10-08-2012, 11:58 AM
TOWARDS FACE RECOGNITION AT A DISTANCE
FaceRecSecurity.pdf (Size: 1.16 MB / Downloads: 46)
Abstract
Current face recognition algorithms require the tacit
cooperation of users, who must position themselves in a
small area of space and face the camera. Face recognition in
uncontrolled conditions, such as in security camera footage
presents two extra challenges. First, it is difficult to capture
good quality images of faces in this setting. Second, the pose
of the face is relatively uncontrolled which causes most face
recognition algorithms to fail. In this paper, we present a
series of solutions to address these problems. High quality
face images are captured using a foveated wide field sensor,
in which a narrow-field camera is directed towards faces
using information from a static wide-field camera. Feature
points corresponding to the eyes/nose etc. are accurately
localized and face shape is normalized. A novel algorithm is
introduced to identify these (typically non-frontal) faces from
a test gallery of frontal faces. Results are demonstrated to be
superior to contemporary approaches.
Introduction
Commercial face recognition systems typically operate in
restricted circumstances: they require the user to place
themselves in front of the device and to face the camera. In this
paper we summarize our results on determining identity using
face recognition in a security setting. Consider surveillance
equipment in a large open area such as an outdoor car park.
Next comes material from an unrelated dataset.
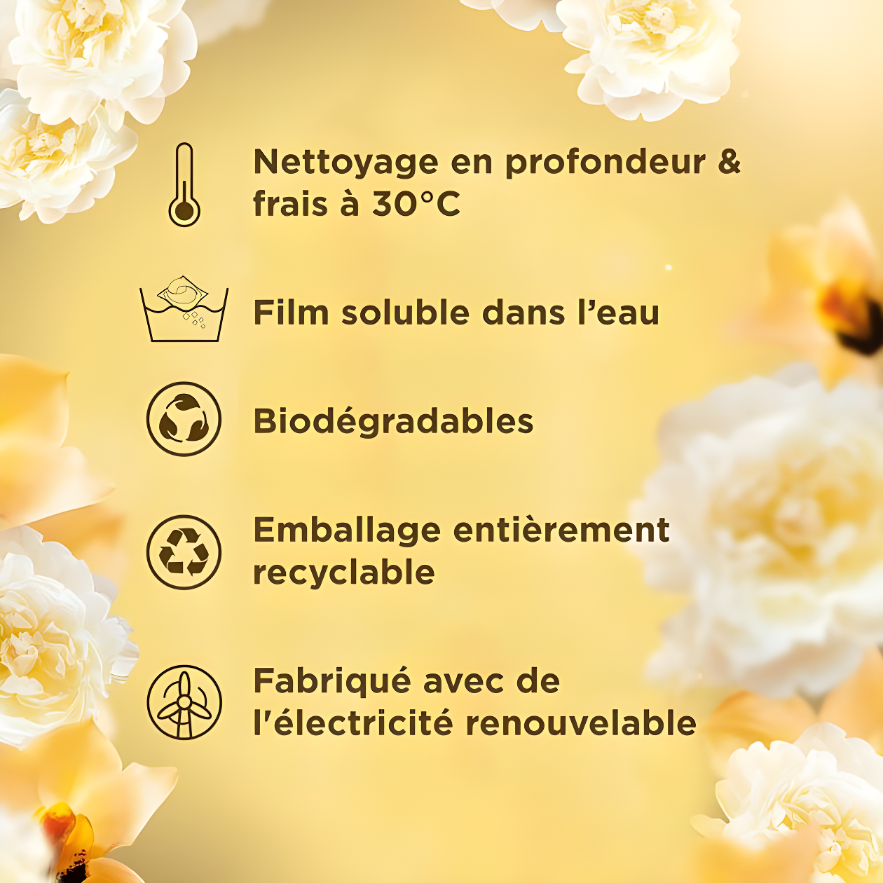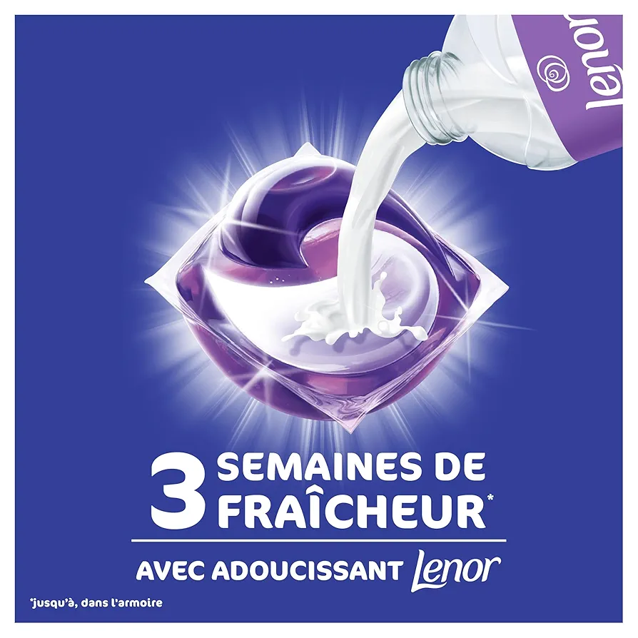 🌺 فرمول دوکاره (2in1): ترکیب شوینده قدرتمند با نرمکننده Lenor برای تمیزی و نرمی فوقالعاده.

Challenge 1: In order to visualize the area the camera needs a
wide field of view. Unfortunately, wide field of view comes
at the expense of image resolution. For example, a human
face at 5m will subtend only about 4×6 pixels on a 640×480
sensor with 130o field of view. This is insufficent resolution
for biometric tasks. One solution is to have two cameras. A
wide-field pre-attentive camera observes the whole scene at
low resolution. We use data the output to orient a narrow field
foveal camera towards faces in the scene using a pan-tilt motor.
Wide Field Sensor and Person Detection
The sensor consists of two 30Hz RGB Point Grey Dragonfly
cameras (see Figure 1). The wide field camera is fixed in
position and has a 2.1mm lens subtending a 130 deg horizontal
field of view. The foveal camera is mounted on a pan/tilt
platform and has a 24 mm lens with a 13 deg horizontal field of
view. The pan and tilt motors are Lin Engineering step motors,
with a step size of 0.1 degrees. We aim to use the output from
the wide-field camera to orient the foveal camera at faces in the
scene.
The dominant paradigm in face/body detection is to combine
weak classifiers using Adaboost to build a strong classifier
based on supervised data [15, 8]. A number of factors limit
the utility of these methods for far-field or wide-field face
detection. First, they assume a minimum scale of at least
12×16 pixels. However, in our relatively unconstrained indoor
testing environments, the median face size is 4 × 5 pixels, and
many faces subtend less than a pixel (Figure 2). Moreover,
faces are not restricted to being frontal or profile and heads
may even face away from the camera. We would still like
to orient the foveal camera towards them in this context as
the head may turn toward the camera in subsequent frames.
Pre-processing Faces
In the previous section we have discussed how to gather high
quality face footage over a wide area. In this section we discuss
how to pre-process faces so that they are suitable for face
recognition. A cascade-based face detector [8] is employed.
This provides an approximate estimate of scale and position
and the image is face by these estimates to a standard size.
However, for accurate face recognition we need high quality
registration. We identify distinct face features such as the eyes,
nose etc. A warp is performed by triangulating the image based
on these features, and mapping the vertices of the triangle to the
standard shape. The color of each pixel at given barycentric coordinates
remains the same after this warp (see Figure 4).
Face Recognition Results
We built binary pose models comparing frontal faces with one
other pose. In each case we trained the system with 220 faces
from the FERET dataset. We built a separate model each for 10
of the face features that were visible in both profile and frontal
faces. These sub-models are assumed to be independent, and
the likelihoods are multiplied together under each hypothesis.
The test database consisted of 100 different frontal faces from
the FERET dataset. On each trial a single probe face is
presented at a different pose. We report the proportion of first
choice correct matches to the database. Results are given in
Figure 6. Performance at ±22.5o pose difference was perfect,
but dropped to an average of 95%at ±67.5o and 86%at ±90%.
Discussion: The Challenges Ahead
In this paper we have sketched a series of solutions for building
reliable face recognition solutions which do not require the
co-operation of the subject. However, there are extensions
required before we have a full useful system. First, in the
examples in this paper, we have classified the pose of the
face by hand, and this needs to be automated. Second, we
have not dealt with lighting variation. The system described
for creating invariance to pose variations could be adapted to
eliminate variation due to illuminance.